Work item —
Starting at the first line of the records below, reproduce every line up to and including the line with "Ans Gasseling, Caritas", but leave out all pictures.
--- Dataset records Enclosed Below ---
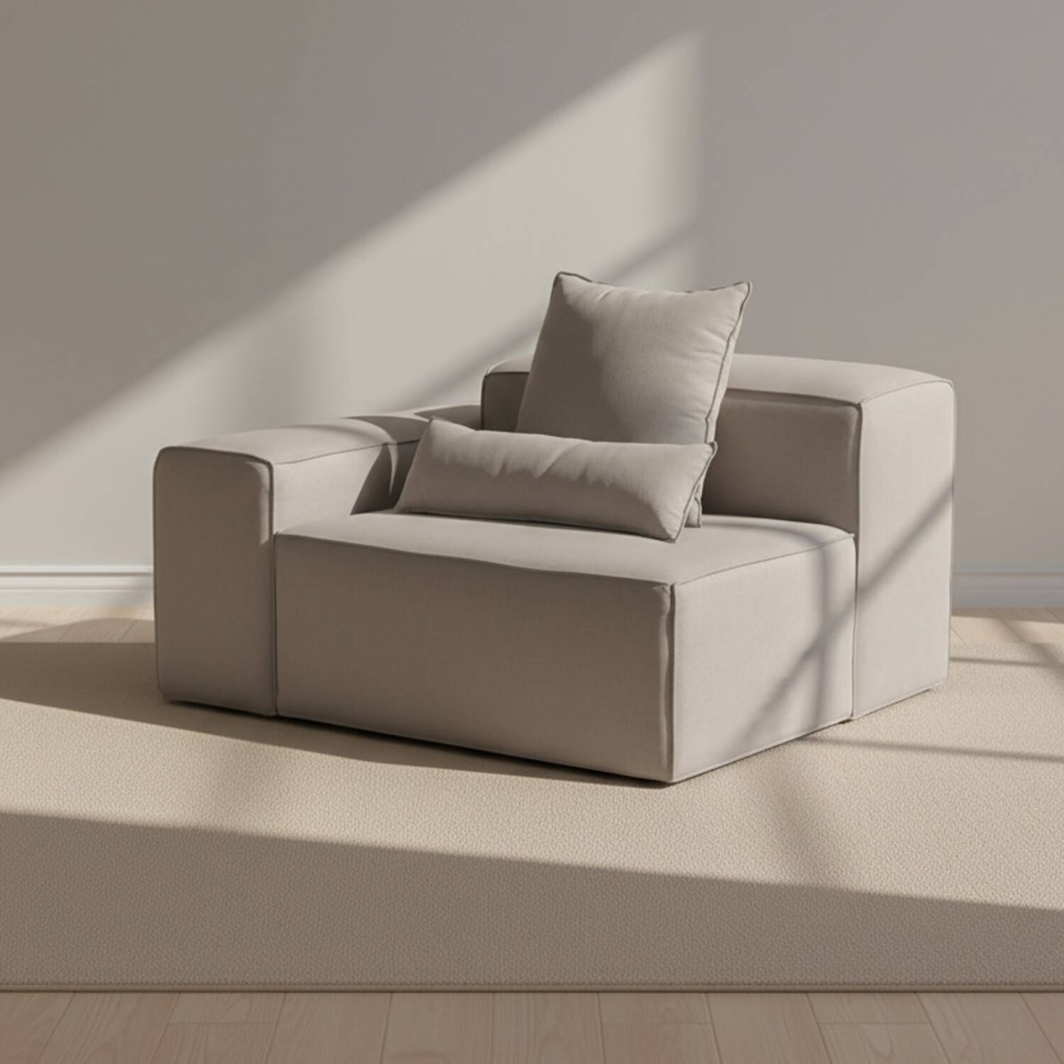 SOFÁ KAI - 1 CUERPO TELA GRIS MODULAR CON BRAZO IZQUIERDO
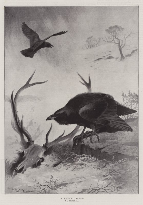 Ein hungriger Rabe(A Hungry Raven )Archibald Thorburn |
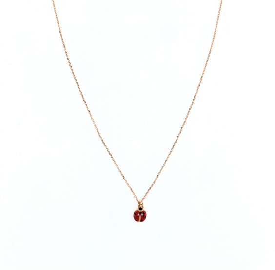 Collana Mini Coccinella Smaltata in argento 925°% galvanica rosata. Questa collana è composta da una maglia rolò e da un pendente smaltato a forma di coccinella. Chiusura con moschettone e catenella di allungo.
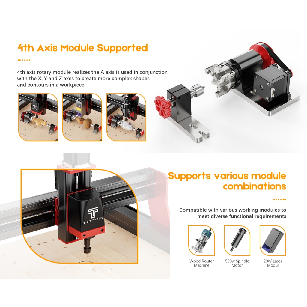 TWOTREES TTC 450 Pro CNC Máquina de gravação 110-240V Cnc Router Metal/alum/acríl+aparador 500W/80W
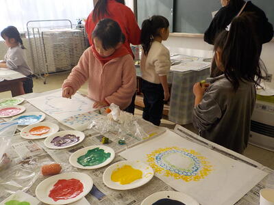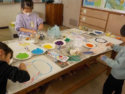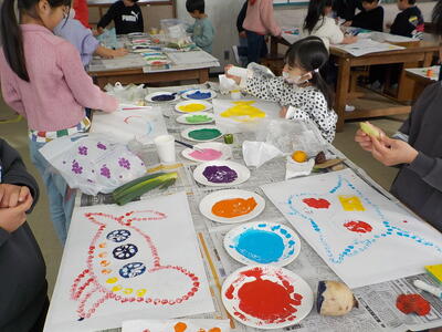 1年生がスタンピングの学習をしました。野菜やトイレットペーパーなど、様々な物の断面に絵の具をつけて紙に押しました。
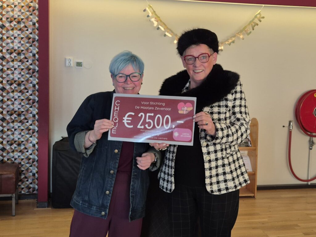 Ans Gasseling, Caritas De Liemers, deelt uit aan Stichting De Maatjes!
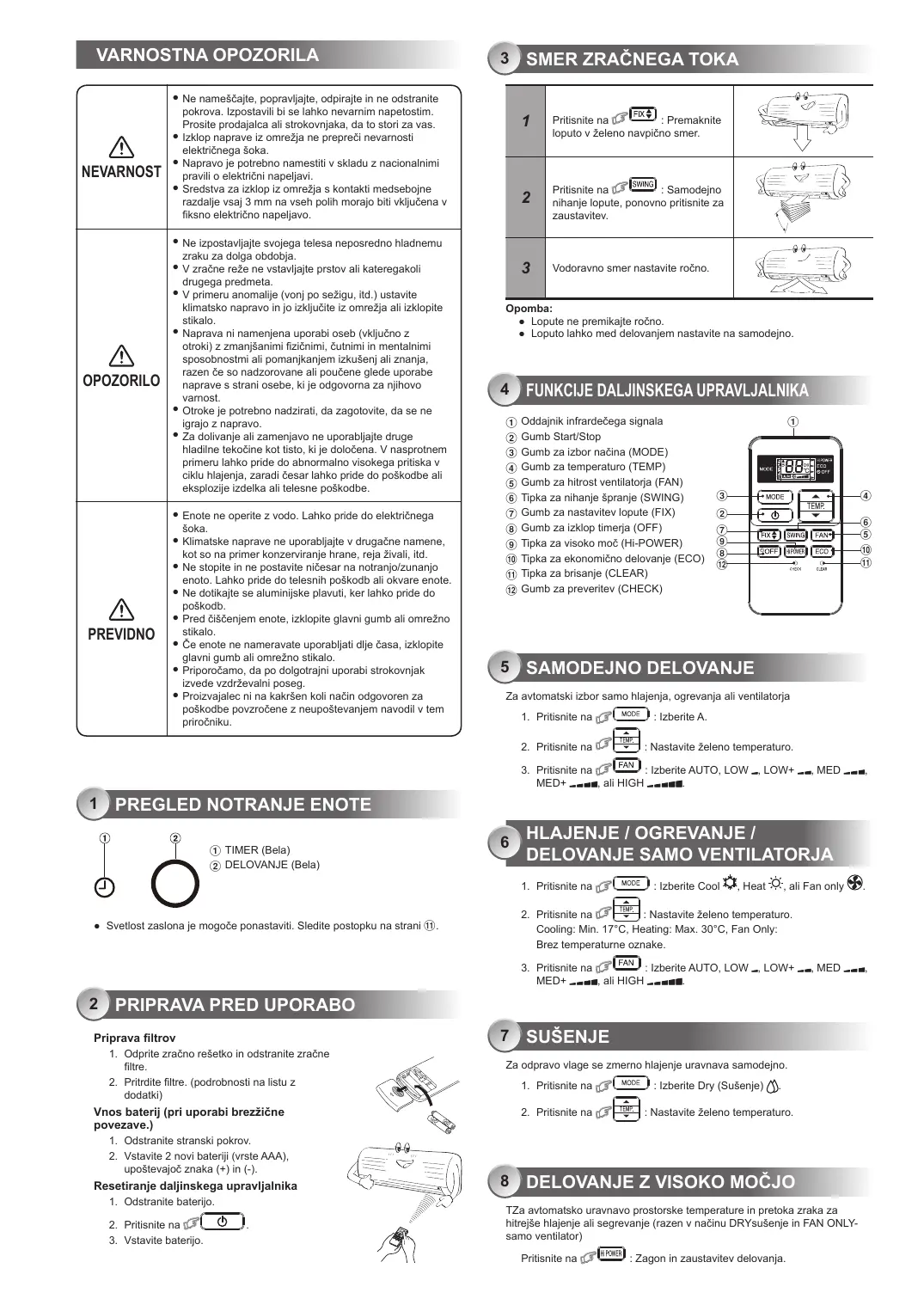 ● Ne nameščajte, popravljajte, odpirajte in ne odstranite pokrova. Izpostavili bi se lahko nevarnim napetostim. Prosite prodajalca ali strokovnjaka, da to stori za vas. ● Izklop naprave iz omrežja ne prepreči nevarnosti električnega šoka. ● Napravo je potrebno namestiti v skladu z nacionalnimi pravili o električni napeljavi. ● Sredstva za izklop iz omrežja s kontakti medsebojne razdalje vsaj 3 mm na vseh polih morajo biti vključena v fiksno električno napeljavo. ● Ne izpostavljajte svojega telesa neposredno hladnemu zraku za dolga obdobja. ● V zračne reže ne vstavljajte prstov ali kateregakoli drugega predmeta. ● V primeru anomalije (vonj po sežigu, itd.) ustavite klimatsko napravo in jo izključite iz omrežja ali izklopite stikalo. ● Naprava ni namenjena uporabi oseb (vključno z otroki) z zmanjšanimi fizičnimi, čutnimi in mentalnimi sposobnostmi ali pomanjkanjem izkušenj ali znanja, razen če so nadzorovane ali poučene glede uporabe naprave s strani osebe, ki je odgovorna za njihovo varnost. ● Otroke je potrebno nadzirati, da zagotovite, da se ne igrajo z napravo. ● Za dolivanje ali zamenjavo ne uporabljajte druge hladilne tekočine kot tisto, ki je določena. V nasprotnem primeru lahko pride do abnormalno visokega pritiska v ciklu hlajenja, zaradi česar lahko pride do poškodbe ali eksplozije izdelka ali telesne poškodbe. ● Enote ne operite z vodo. Lahko pride do električnega šoka. ● Klimatske naprave ne uporabljajte v drugačne namene, kot so na primer konzerviranje hrane, reja živali, itd. ● Ne stopite in ne postavite ničesar na notranjo/zunanjo enoto. Lahko pride do telesnih poškodb ali okvare enote. ● Ne dotikajte se aluminijske plavuti, ker lahko pride do poškodb. ● Pred čiščenjem enote, izklopite glavni gumb ali omrežno stikalo. ● Če enote ne nameravate uporabljati dlje časa, izklopite glavni gumb ali omrežno stikalo. ● Priporočamo, da po dolgotrajni uporabi strokovnjak izvede vzdrževalni poseg. ● Proizvajalec ni na kakršen koli način odgovoren za poškodbe povzročene z neupoštevanjem navodil v tem priročniku.
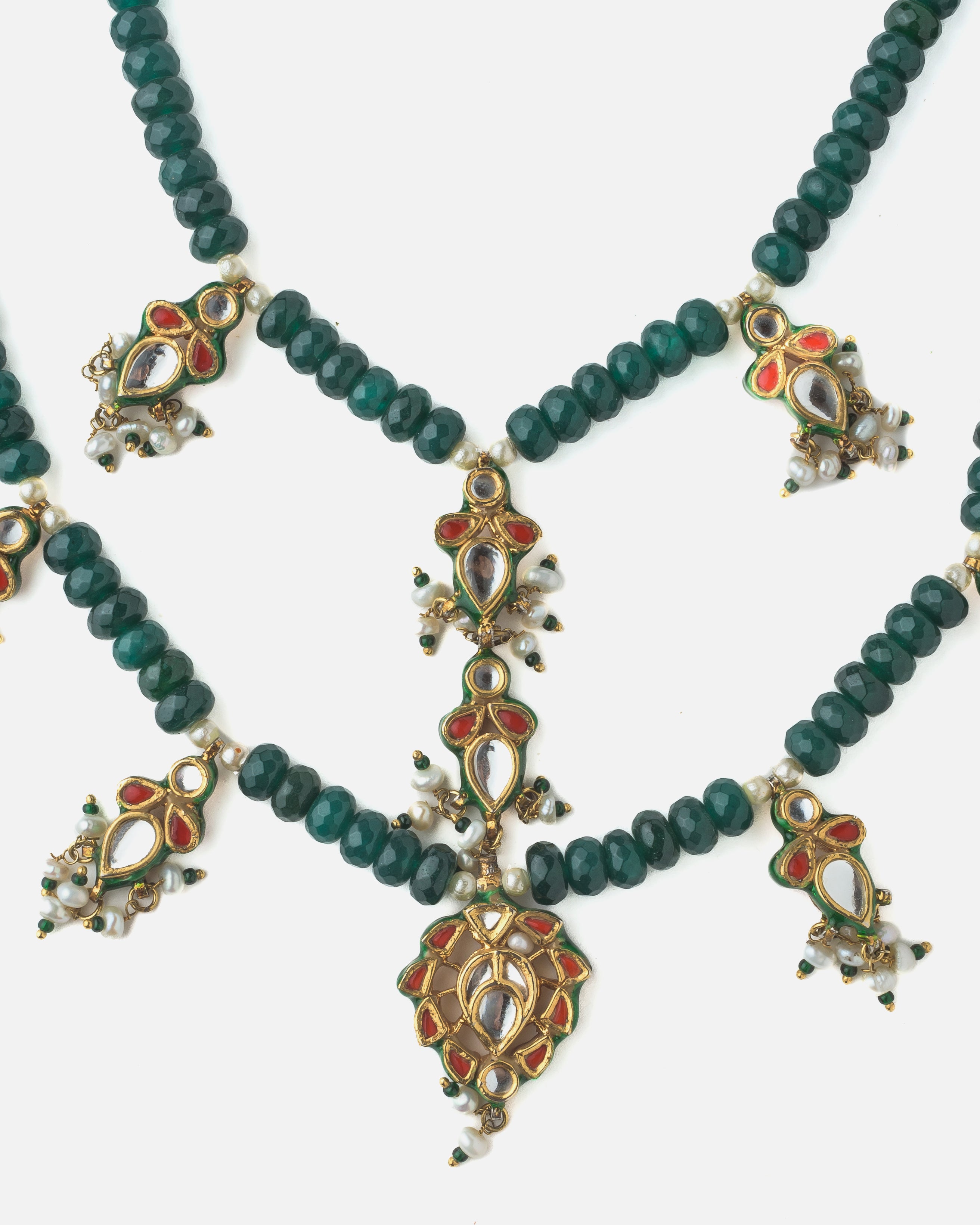- Material: Made with polished green beads, gold-plated metal, and traditional Kundan-Meenakari work.
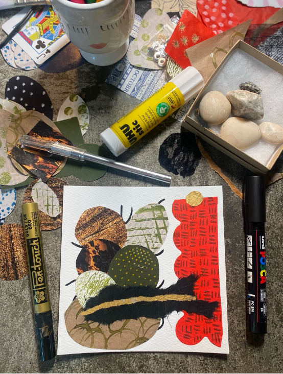 And a simple one I like is working in collage. Collage is forgiving, immediate, and gets you out of your head. For most of us writers whose identity isn’t tied to collage-making, we can play with it the way a child plays, for fun and without the pressure of outcome. All we need are simple materials (a surface, any paper and glue). Good music and a nice beverage helps, too.
--- End of Enclosed Dataset records ---
Exercise result —
 SOFÁ KAI - 1 CUERPO TELA GRIS MODULAR CON BRAZO IZQUIERDO
 Ein hungriger Rabe(A Hungry Raven )Archibald Thorburn |
 Collana Mini Coccinella Smaltata in argento 925°% galvanica rosata. Questa collana è composta da una maglia rolò e da un pendente smaltato a forma di coccinella. Chiusura con moschettone e catenella di allungo.
 TWOTREES TTC 450 Pro CNC Máquina de gravação 110-240V Cnc Router Metal/alum/acríl+aparador 500W/80W
 1年生がスタンピングの学習をしました。野菜やトイレットペーパーなど、様々な物の断面に絵の具をつけて紙に押しました。
 Ans Gasseling, Caritas De Liemers, deelt uit aan Stichting De Maatjes!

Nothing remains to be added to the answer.